Recorded information:

"""

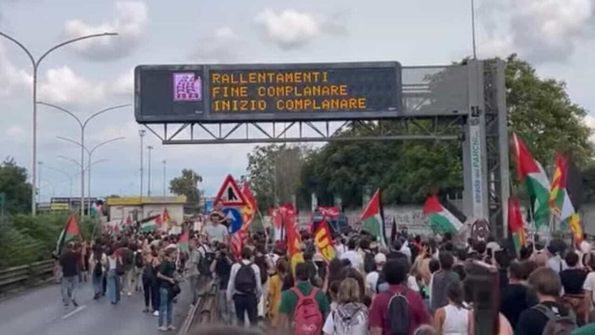 Alcuni manifestanti hanno scavalcato il guard rail della tangenziale, bloccando il traffico e sventolando bandiere palestinesi al grido di “Palestina libera”.
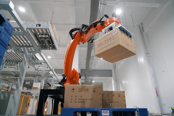 10月28日,在沂南力诺制药有限责任公司,全自动化机械臂在搬运货物。
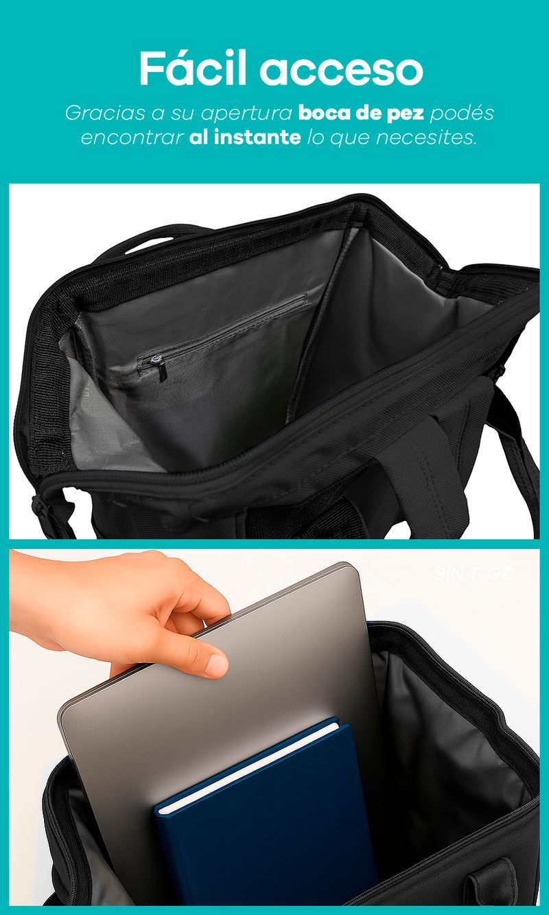 -Apertura boca de pez con doble cierre para un rápido acceso a tus cosas.

"""

What to work on: Please give back every line above exactly as it stands, without pictures.

The completed task:
 Alcuni manifestanti hanno scavalcato il guard rail della tangenziale, bloccando il traffico e sventolando bandiere palestinesi al grido di “Palestina libera”.
 10月28日,在沂南力诺制药有限责任公司,全自动化机械臂在搬运货物。
 -Apertura boca de pez con doble cierre para un rápido acceso a tus cosas.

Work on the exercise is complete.